Certainly increasing the amount of generation from renewable resources is likely to cost more in the period through 2015 than not doing so. The draft report is correct in explaining that a regional sulfur dioxide emissions cap-and-trade program would reduce the cost differential between conventional and renewable generation (p. v). But other factors are already at play which reduce the report's "base" differential cost estimates.
In particular, rising gas prices mean that the cost premium would likely be less than the $.025/kWh highlighted in the draft report. The report should look at a case where, for example, gas prices start at $4.50/mBtu and remain constant in nominal dollars. I see little reason to use "conservatively high estimates of differential renewable costs" (p. IV-4) given the strong upward pressures on prices from conventional generation. Additionally, comparing the differential costs of renewable generation to current electric revenues, as is done on page iv, may overstate the relative cost of meeting the 10/20 goals if the costs of conventional generation increase more rapidly.

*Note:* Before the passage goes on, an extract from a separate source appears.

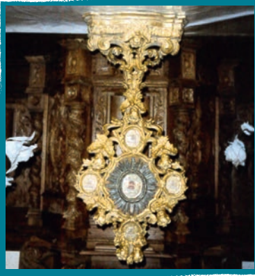
Remarquable Monstrance dorée à l'or fin

Sur la droite du portail Ouest de l'église, on remarque une pierre de Templiers portant leur signe. « Templiers » est un ordre religieux et militaire international issu de la chevalerie chrétienne du Moyen-Âge.

I do not understand the meaning of the statement that "the least-cost strategy to meet the 10/20 goals is for the western states and the federal government to undertake a major effort to develop the region's wind resources, together with additional cost-effective renewable resources such as geothermal and biomass that may be available locally" (p.iv). What exactly is "a major effort to develop wind resources?" The wind is there. It would seem that the least-cost strategy would be to choose an RPS at the 10/20 level. This statement appears in the summary and in sec. IV. It should be explained or deleted.
As indicated above, the draft report is correct in identifying the RPS and the SBC as the two policies that would have the greatest impact on the amount of generation from renewables. The draft identifies a number of additional policies that would help to reduce market barriers to renewable resources and to create market demand for them. The report's identification and assessment of these policies is in my view sound. However, the speculation that green marketing and green pricing programs could provide 3% of the 20% goal (page iv) should be clarified. If this means such programs may increase generation from renewables by 0.6% of total generation, the speculation is reasonable. If it means that they may cause new generation from renewables equal to 3% of total generation, the experience cited in the report does not support such an optimistic assessment.
Specific Comments
The above are the main comments offered to WRAP. Next a few very narrow comments are offered.
I.1.c, programs currently in place: Colorado and Utah have integrated resource planning rules through which renewable resources can -and in Colorado, have-been added to the resource mix.
I.2/3.c, resource inventory: the regional totals from Appendices E and F would be helpful on pp. I-5 and I-6.
Page I-13, I would think the cost for an IOU lower than for a genco, not higher as is shown here.
It is certainly sensible that "a policy or program should count" as described on page I-16.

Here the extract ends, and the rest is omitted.